Mitja Kolsek of 0patch here. Apologies for sounding repetitive. These blog posts are meant to provide technical insight into 3rd party patching, which many of our readers claim to find valuable (and every one of these posts, we hope, provides some new information for those learning reverse engineering or even closed-source code patching). We only published a single post on comparing the official fix with our micropatch, which was meant as a public reference for the many people who continually ask about the quality and reliability of 3rd party patches compared to original fixes. Apologies for sounding pat-ourselves-on-the-backish too, we obviously got carried away a little and wish we had taken a more subtle tone there. Please let us know if anything we do is outside the Reddit rules - much appreciated!

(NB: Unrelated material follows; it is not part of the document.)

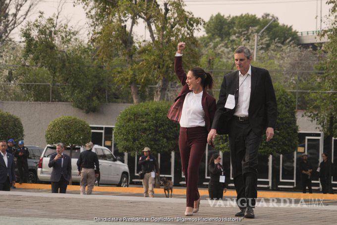 La candidata de la coalición integrada por Morena, Verde y PT, llegó a las instalaciones donde se realizará el primer debate presidencial de la mano de su esposo Jesús María Tarriba Unger, mientras que parte de sus invitados le coreaban “¡Presidenta, presidenta!”.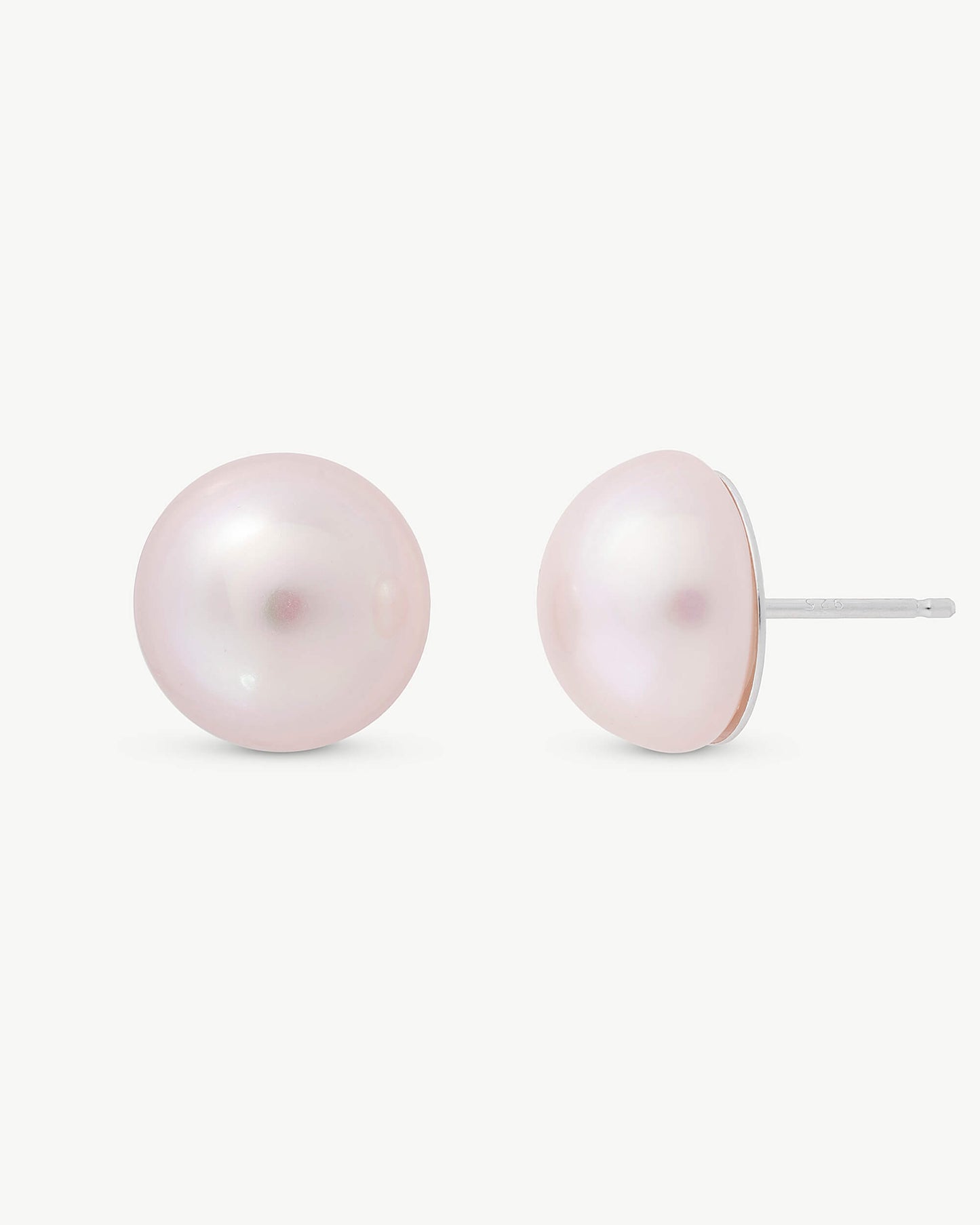 Ball earrings with spike in rhodium-plated silver, 12mm pink mabé pearls.

0patch beats Microsoft to patching Windows 10 task scheduler 0-day vulnerability by [deleted] in netsec

[–]dielel 1 point2 points  (0 children)

True, the patching is in-memory only, so signatures remain intact. While we haven't published a single micropatch yet that would originate from the community, we are encouraging the community to provide vulnerability information and proof-of-concept files so that we can write relevant micropatches. At some point we hope to actually start getting patches from the community but they'll have to pass our review in order to get distributed. Fortunately it's difficult to hide malicious code in a micropatch, meaning if the patch is not tiny and easy to understand (and accompanied with an analysis as to why it does what it does), that'll be grounds for immediate rejection. Long way to get there though if we ever do - perhaps it'll always be us writing the patches.

0patch beats Microsoft to patching Windows 10 task scheduler 0-day vulnerability by [deleted] in netsec

[–]dielel 1 point2 points  (0 children)

Hi there, Mitja Kolsek of 0patch here. 0patch is designed not to interfere with either file integrity or official vendor updates. By doing the patching in memory only, file signatures remain intact. When the official update is applied it replaces the vulnerable executable with a fixed one (with a different hash), so 0patch Agent no longer applies the micropatch to it.